- Entries supplied -

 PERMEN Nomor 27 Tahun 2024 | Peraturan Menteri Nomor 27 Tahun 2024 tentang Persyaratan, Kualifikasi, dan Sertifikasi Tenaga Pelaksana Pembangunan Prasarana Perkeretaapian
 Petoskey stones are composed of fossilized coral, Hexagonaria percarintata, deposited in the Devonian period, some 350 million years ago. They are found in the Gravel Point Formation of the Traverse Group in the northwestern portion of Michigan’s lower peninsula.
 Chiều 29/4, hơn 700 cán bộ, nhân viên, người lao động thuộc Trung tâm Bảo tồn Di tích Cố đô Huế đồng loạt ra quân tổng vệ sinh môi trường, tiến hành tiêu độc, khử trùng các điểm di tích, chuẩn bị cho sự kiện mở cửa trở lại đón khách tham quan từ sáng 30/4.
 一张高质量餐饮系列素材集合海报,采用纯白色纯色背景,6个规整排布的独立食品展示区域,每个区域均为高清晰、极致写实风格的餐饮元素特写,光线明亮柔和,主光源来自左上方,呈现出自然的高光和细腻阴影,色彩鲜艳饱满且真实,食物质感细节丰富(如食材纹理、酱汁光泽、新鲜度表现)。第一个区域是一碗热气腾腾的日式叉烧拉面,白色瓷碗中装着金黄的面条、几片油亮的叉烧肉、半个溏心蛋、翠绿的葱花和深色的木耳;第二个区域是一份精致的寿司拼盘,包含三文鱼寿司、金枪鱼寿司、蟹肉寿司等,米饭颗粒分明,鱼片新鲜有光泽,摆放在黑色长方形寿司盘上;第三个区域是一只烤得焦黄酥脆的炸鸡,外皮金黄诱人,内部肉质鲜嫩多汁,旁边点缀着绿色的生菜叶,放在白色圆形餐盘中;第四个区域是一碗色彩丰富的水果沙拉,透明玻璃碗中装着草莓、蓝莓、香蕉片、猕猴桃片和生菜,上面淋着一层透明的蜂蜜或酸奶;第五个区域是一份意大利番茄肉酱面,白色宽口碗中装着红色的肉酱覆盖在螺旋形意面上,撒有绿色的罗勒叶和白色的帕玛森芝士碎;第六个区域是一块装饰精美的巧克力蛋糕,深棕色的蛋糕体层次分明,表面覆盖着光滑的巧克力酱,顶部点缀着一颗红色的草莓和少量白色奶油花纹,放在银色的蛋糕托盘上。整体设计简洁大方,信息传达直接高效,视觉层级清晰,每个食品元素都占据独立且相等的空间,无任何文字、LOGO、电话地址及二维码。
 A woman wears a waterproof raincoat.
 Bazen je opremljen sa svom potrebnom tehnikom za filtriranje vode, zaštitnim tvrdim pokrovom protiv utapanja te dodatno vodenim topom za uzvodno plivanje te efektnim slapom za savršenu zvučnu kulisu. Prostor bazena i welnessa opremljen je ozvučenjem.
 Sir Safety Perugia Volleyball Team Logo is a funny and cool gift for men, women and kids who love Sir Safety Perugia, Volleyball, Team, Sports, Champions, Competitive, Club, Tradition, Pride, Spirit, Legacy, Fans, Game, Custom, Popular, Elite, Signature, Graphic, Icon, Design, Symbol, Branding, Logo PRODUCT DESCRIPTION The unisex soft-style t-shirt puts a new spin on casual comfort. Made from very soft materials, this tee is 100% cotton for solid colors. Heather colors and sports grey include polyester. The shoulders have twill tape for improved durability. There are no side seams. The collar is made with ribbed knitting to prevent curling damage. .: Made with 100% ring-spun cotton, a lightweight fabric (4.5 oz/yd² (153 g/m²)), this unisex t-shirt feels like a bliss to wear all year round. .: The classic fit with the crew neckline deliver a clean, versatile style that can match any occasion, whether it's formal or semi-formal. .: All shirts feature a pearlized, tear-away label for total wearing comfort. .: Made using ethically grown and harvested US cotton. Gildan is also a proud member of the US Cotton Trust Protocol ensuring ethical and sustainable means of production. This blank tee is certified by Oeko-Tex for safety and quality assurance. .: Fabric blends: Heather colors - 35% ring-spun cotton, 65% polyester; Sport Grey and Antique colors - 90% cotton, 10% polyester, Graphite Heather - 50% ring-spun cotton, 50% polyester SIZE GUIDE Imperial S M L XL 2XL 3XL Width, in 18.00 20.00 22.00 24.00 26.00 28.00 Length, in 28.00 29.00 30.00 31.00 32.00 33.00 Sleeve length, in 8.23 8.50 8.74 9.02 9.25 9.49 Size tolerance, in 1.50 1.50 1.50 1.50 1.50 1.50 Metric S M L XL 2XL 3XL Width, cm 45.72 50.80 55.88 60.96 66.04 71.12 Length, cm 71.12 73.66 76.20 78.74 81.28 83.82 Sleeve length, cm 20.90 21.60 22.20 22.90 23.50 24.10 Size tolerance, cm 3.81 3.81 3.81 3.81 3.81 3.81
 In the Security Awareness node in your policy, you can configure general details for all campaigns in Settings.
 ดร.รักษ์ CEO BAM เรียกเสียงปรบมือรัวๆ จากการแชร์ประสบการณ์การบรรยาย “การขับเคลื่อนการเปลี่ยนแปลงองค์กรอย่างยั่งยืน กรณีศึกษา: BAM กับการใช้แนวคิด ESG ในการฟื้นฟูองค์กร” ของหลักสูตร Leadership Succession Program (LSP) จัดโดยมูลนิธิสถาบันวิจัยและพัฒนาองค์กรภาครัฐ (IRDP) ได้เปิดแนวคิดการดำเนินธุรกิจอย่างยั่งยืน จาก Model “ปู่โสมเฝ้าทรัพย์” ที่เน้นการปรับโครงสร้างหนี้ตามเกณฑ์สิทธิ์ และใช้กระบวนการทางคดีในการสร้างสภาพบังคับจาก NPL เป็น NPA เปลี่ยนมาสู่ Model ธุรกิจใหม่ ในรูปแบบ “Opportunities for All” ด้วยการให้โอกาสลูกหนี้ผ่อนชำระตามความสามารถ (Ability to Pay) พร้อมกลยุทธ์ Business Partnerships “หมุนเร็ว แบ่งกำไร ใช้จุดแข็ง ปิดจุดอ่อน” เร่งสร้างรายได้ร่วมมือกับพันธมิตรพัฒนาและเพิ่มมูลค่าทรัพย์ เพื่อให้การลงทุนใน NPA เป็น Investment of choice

- What to produce -
Write out the listing's lines exactly, from its first line through the line that contains "Petoskey stones are", and stop there.

- Expected answer -
 PERMEN Nomor 27 Tahun 2024 | Peraturan Menteri Nomor 27 Tahun 2024 tentang Persyaratan, Kualifikasi, dan Sertifikasi Tenaga Pelaksana Pembangunan Prasarana Perkeretaapian
 Petoskey stones are composed of fossilized coral, Hexagonaria percarintata, deposited in the Devonian period, some 350 million years ago. They are found in the Gravel Point Formation of the Traverse Group in the northwestern portion of Michigan’s lower peninsula.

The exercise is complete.